Sobre el particular, la Corte Constitucional en C-539 de 1999, puntualizó: “(…) Según un importante sector de la doctrina procesal colombiana, las costas pueden ser definidas como aquella erogación económica que corresponde efectuar a la parte que resulte vencida en un proceso judicial. Esta carga económica comprende, por una parte, las expensas, es decir, todos aquellos gastos necesarios para el trámite del juicio distintos del pago de apoderados (honorarios de peritos, impuestos de timbre, copias, gastos de desplazamiento en diligencias realizadas fuera de la sede del despacho judicial, etc.) y, de otro lado, las agencias en derecho, correspondientes a los gastos efectuados por concepto de apoderamiento, las cuales - vale la pena precisarlo - se decretan en favor de la parte y no de su representante judicial.
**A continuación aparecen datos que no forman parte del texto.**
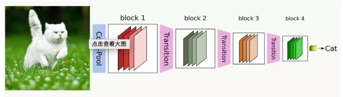 CNN网络一般要经过Pooling或者stride>1的Conv来降低特征图的大小,而DenseNet的密集连接方式需要特征图大小保持一致。为了解决这个问题,DenseNet网络中使用DenseBlock+Transition的结构,其中DenseBlock是包含很多层的模块,每个层的特征图大小相同,层与层之间采用密集连接方式。而Transition模块是连接两个相邻的DenseBlock,并且通过Pooling使特征图大小降低。图4给出了DenseNet的网路结构,它共包含4个DenseBlock,各个DenseBlock之间通过Transition连接在一起。
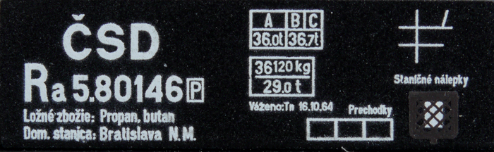 | kotlový vůz šedý s oranžovým pruhem „KVAPAĹNÝ PLYN “ |
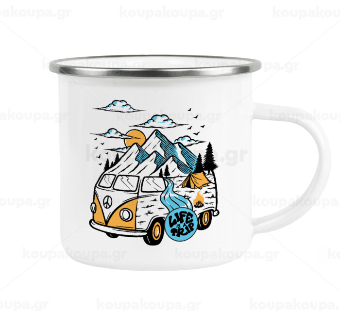 Life is a trip, Κούπα Μεταλλική εμαγιέ λευκη 360ml

Aunque las agencias en derecho representan una contraprestación por los gastos en que la parte incurrió para ejercer la defensa judicial de sus intereses, es el juez quien, de manera discrecional, fija la condena por este concepto con base en los criterios establecidos en el artículo 393-3 del Código de Procedimiento Civil (tarifas establecidas por el Ministerio de Justicia o por el colegio de abogados del respectivo distrito y naturaleza, calidad y duración de la gestión realizada por el representante judicial o la parte que litigó personalmente).
Dicha condena no corresponde, necesariamente, a los honorarios efectivamente pagados por la parte vencedora a su apoderado. (…)” En ese orden de ideas, al no hallarse probado – ni inferirse del expediente- que exista autorización expresa de sus poderdantes en favor de la aquí accionante para la entrega de los dineros que se fijen como agencias en derecho, y ante la ausencia del poder especial requerido para la interposición del presente asunto, igual suerte corre la salvaguarda respecto de la falta de legitimación en la causa por activa de la gestora.
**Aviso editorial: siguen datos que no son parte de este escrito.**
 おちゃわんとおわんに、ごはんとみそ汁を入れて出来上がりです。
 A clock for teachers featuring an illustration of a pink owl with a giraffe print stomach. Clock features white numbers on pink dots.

En definitiva, sin más razones por innecesarias, se impone mantener incólume el fallo refutado. DECISIÓN En mérito de lo expuesto, la Corte Suprema de Justicia, en Sala de Casación Civil, Agraria y Rural, administrando justicia en nombre de la República de Colombia y por autoridad de la Ley CONFIRMA la sentencia de fecha, naturaleza y procedencia conocida.
Se ordena a las autoridades judiciales vinculadas a este trámite que anexen, a los expedientes objeto de control constitucional, copia de la presente decisión. Infórmese a las partes e intervinientes por el medio más expedito y remítase el expediente a la Corte Constitucional para su eventual revisión.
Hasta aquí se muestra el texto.